7 The Sermon on the Mount forms the first of five great discourses in the Gospel: the Sermon on the Mount (Mt 5-7), the missionary charge (Mt 10:5-42), the parables discourse (Mt 13:3-52), instructions to the community (Mt 18:3-35), and the woes and eschatological discourse (Mt 23-25). These five discourses serve as main building blocks or architectonical structure of the first Gospel. Some scholars have seen in this structure an allusion to the five books of the Pentateuch (cf. Bacon 1930:48), an idea that fits into Matthew's overall emphasis on the Law.
8 This comparison between Jesus and Moses echoes expectations found in Jewish literature. Baruch emerges as God's agent who truly instructs the righteous community (2 Bar 38:1-4). Baruch is paralleled with Moses as Baruch left his people and ascended Mount Zion to receive God's instructions. Like Moses, Baruch is portrayed as God's law-giver. Ezra appears as Moses redivivus: 'I revealed myself in the bush, and spoke to Moses,
So too I now give this order to you' (4 Ezr 14: 3-7).
9 On form-critical grounds Von Harnack (1912:1-30) has identified these statements with
die ausdrücklichen Selbstzeugnisse Jesu über den Zweck seiner Sendung und seines Kommes.
10 Of the nine verses where
ἐξουσία [authority] is found in Matthew, four occur in the miracle narratives (Mt 8:9; 9:6, 8 and 19:1).
11 This is the only time Matthew uses the word
νομικός. Obviously Matthew wants to emphasise that the questioner should be regarded as a daunting interlocutor about this crucial legal issue (regarding the νόμος) at stake (Gerhardsson 1976:133; Osborne 2010:822).
12 Bultmann (1963:11-61) has identified four elements in Streitgespräche: they provide an action or attitude; which is used by opponents; in an attack in the form of a question or accusation; and the attack is followed by a reply, often including a counter-question or a quotation from scripture.
13 Bornkamm (1954:85-93) has expounded how Matthew turns the didactic narrative (Schulgespräch) of Mark on the greatest commandment (which has an amiable tone) into a conflict narrative (Streitgespräch) (which has a controversial tone). Although Mark 12:28-34 is usually described as a Schulgespräch, an ironic dialogue does not really fit into the series of preceding conflict stories and Jesus' attack on the scribes that follows. Notably Luke 10:25 also presents the story as a Streitgespräch: '
ἐκπειράζων αὐτὸν' (testing him).
14 Honour and shame were pivotal values in ancient Mediterranean societies (Malina & Rohrbaugh1992:76; Witherington 2013:47).

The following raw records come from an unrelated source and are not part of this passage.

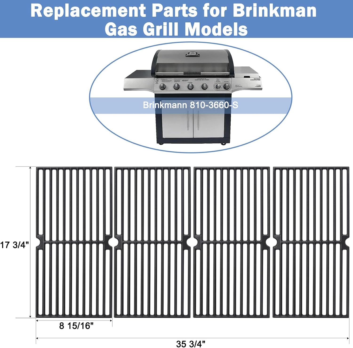 Criditpid Grill Replacement Parts kit for Brinkman 810-3660-S, 810-3661-F Models. Stainless Steel Grill Heat Plate Shields, Pipe Burner Tubes and Crossover Tubes.Specification ★ 4PCS Heat Plates : 15 3/8" x 3 15/16"; 1PCS Heat Plate : 15 5/16" x 6 1/4", Material: Porcelain Steel ★ Pipe Burner Tube: 15 5/16" x 1"; U Shape Burner: 15 3/8" x 4 3/8", Material: Stainless Steel ★ Crossover Tube: 7 5/8" x 2 5/16", Material: Stainless Steel ➤ The Brinkmann 810-3660-S grill replacement parts includes 5pcs heat plates, 5pcs grill burner tubes, 3pcs Carryover Tube.Compatibility Grill Replacement Parts Kit for Brinkmann/ Brinkman 810-3660-S, 810-3661-FAdvantage & Benefit: 👉Perfect fit, Work well 👉Very easy to install 👉Much cheaper than buying locally 👉Made your grill like new again 👉Extend the life of your old grill
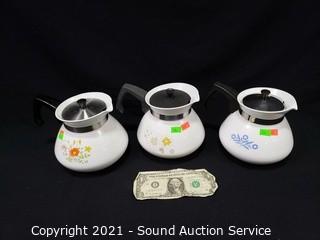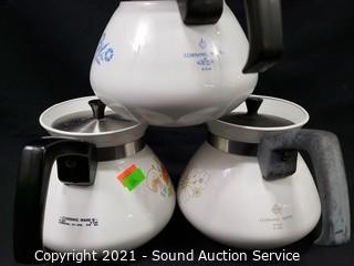 Lot #0397: 3 Corning Enamelware 6-Cup Tea Kettles
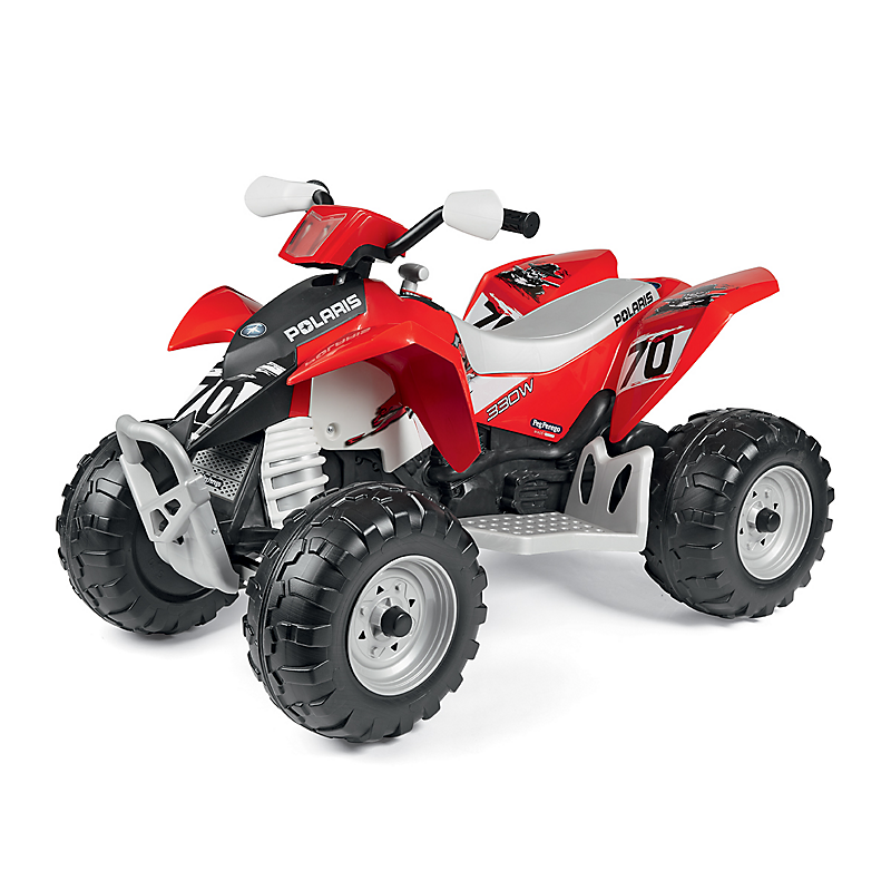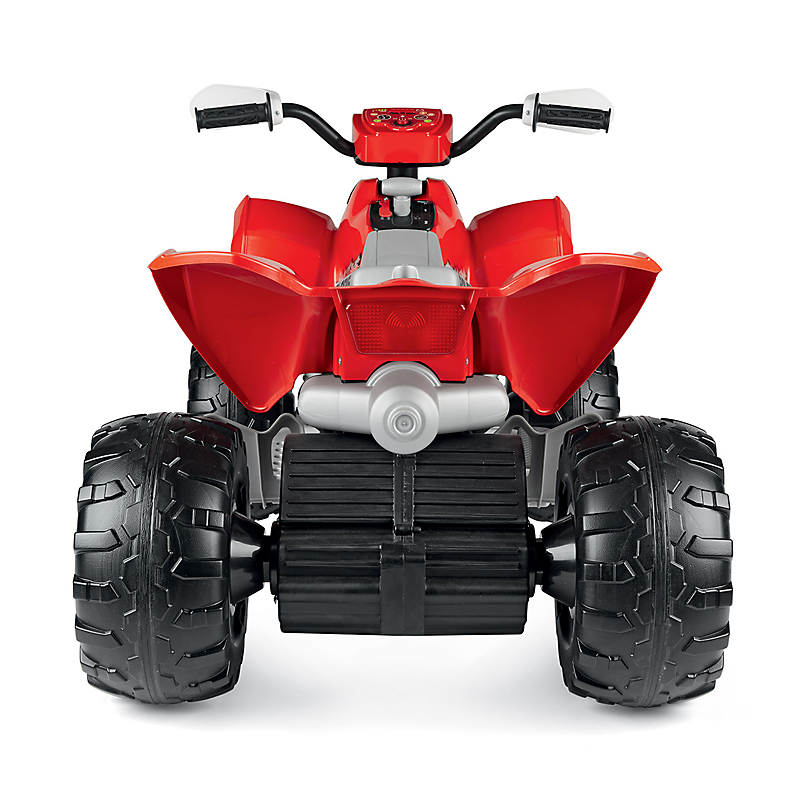 Quad 1 place 12 volts 2 vitesses et marche arrière accélérateur et frein à la pédale très bonne adhérence au sol 2 roues motrices. Klaxon - Grondement moteur - tableau de bord électronique avec bouton START - feux avant à LED - indicateur de charge de la batterie - entrée MP3. Livré avec chargeur et batterie.
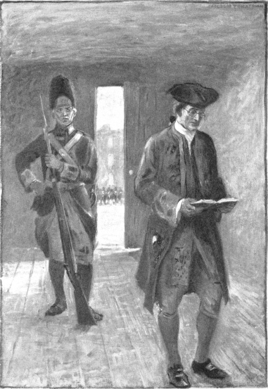 Mr. James Nesbit, merchant of Philadelphia, stood leaning against the long, polished desk at the farther end of which two clerks were hard at work copying entries into a ponderous ledger. On Mr. Nesbit’s face there was a look of preoccupation. He drew a deep breath, rapped nervously with his finger on the desk, and, reaching behind his ear, under the folds of his heavy white wig, threw down a large quill pen. Then, taking a big silver snuff-box out of his pocket, he helped himself neatly to a pinch of snuff. Having done this he waited anxiously, as if the expected sneeze might jar his mind into better working order. It seemed to answer, for, after a preliminary rumbling gasp and an explosion, he blew his nose violently, and turning addressed one of the clerks.
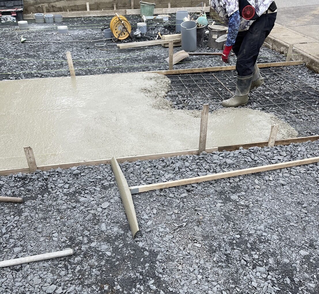 外構ING  アプローチインターロッキングの下地コンクリートです。
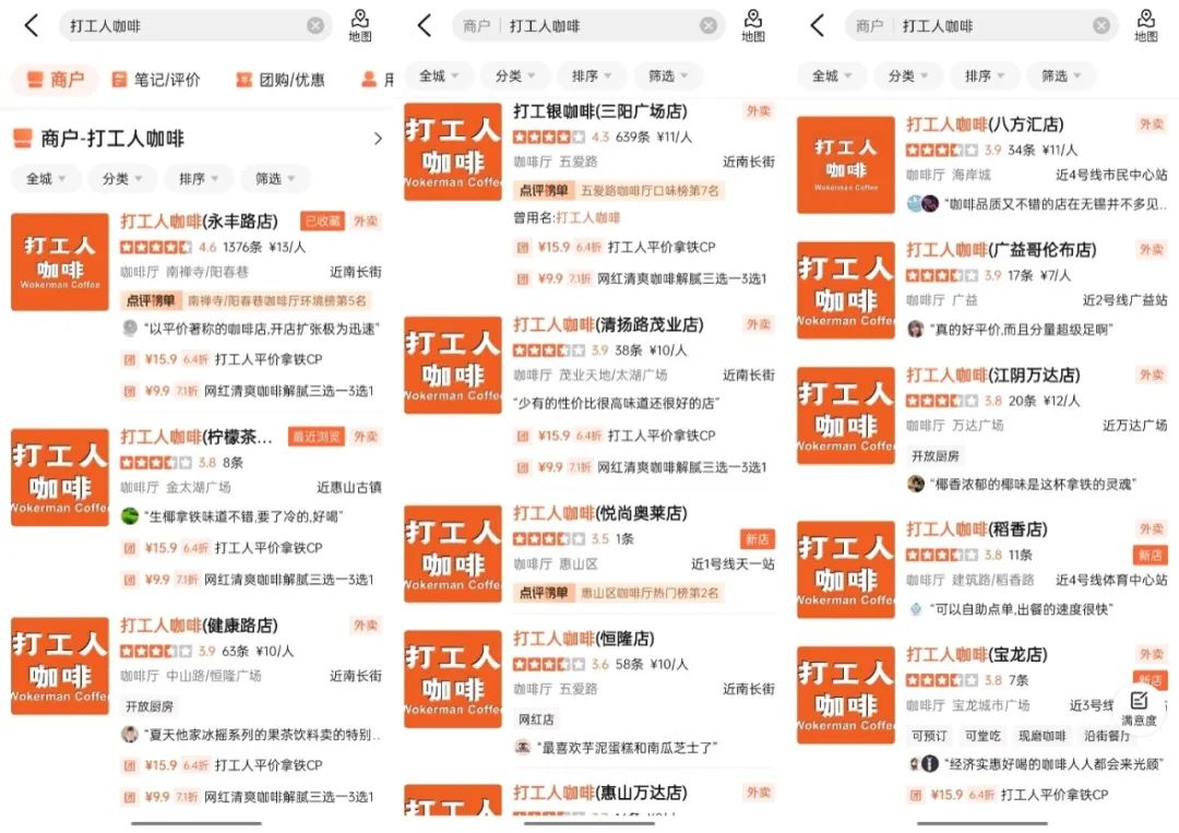 又或者直接把店名取為“打工人咖啡”,在杯子上貼“打工人打工魂”的貼紙。站在平價咖啡的定位上,用“打工人”和消費者做情感連接,“打工人咖啡”迅速拓店。大眾點評顯示,目前,品牌在無錫已經(jīng)開出了39家門店。
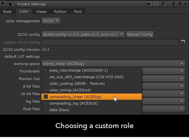 - You can now pick your role from the default LUT settings. For example, you can set the working space to compositing_linear if you want to work in the ACEScg colorspace.
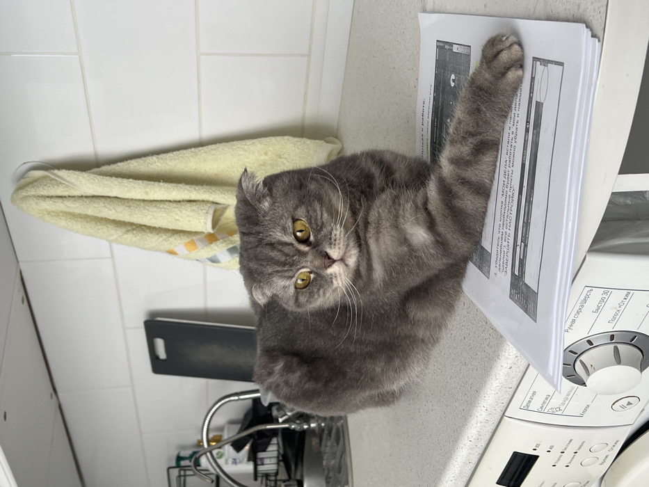 - "This image captures a domestic short-haired cat, likely a Scottish Fold due to its distinctive folded ears, positioned on a kitchen countertop in a residence located in Votkinsk, Russia" by FM-A5lOj2, licensed under CC BY 4.0
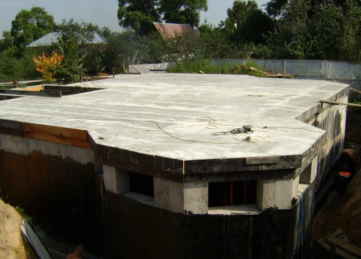 Цокольные помещения и подвалы находятся под землей, над её поверхностью выступает лишь меньшая часть сооружения, которую делают из бетонных конструкций. Можно купить готовые сборные плиты, а можно залить их непосредственно на месте постройки, что будет дешевле.
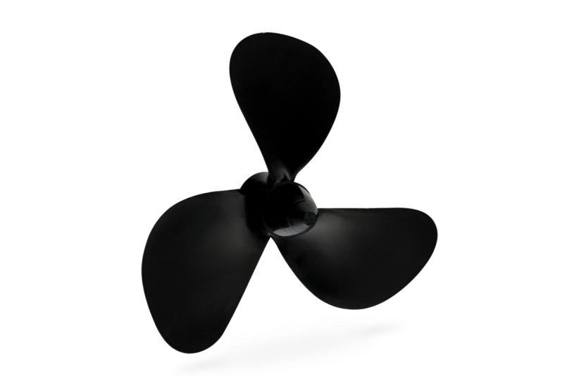 Trojlistá lodná skrutka na montáž pod loď, rozstup 0,53x priemer, plast plnený sklenými vláknami, závit M2.

15 Similar sentiments about defilement in a moral rather than physical sense, are found in extra-biblical literature. Menander (frag. 540) wrote: 'All that brings defilement comes from within', Philo (Spec. Leg. 3:209) remarked: 'For the unjust and impious man is in the truest sense unclean', and Sextus (Sent. 110) observed: 'A person is not defiled by the food and drink he consumes, but by those acts which result form an evil character' (cf. Davies & Allison 2004b:526-527). Jesus was therefore not the only one in this time to utter such critique.
16 The Son of man, who was once handed over to the power of others, now has the authority over them. It seems that this statement alludes to Daniel 7:13-14.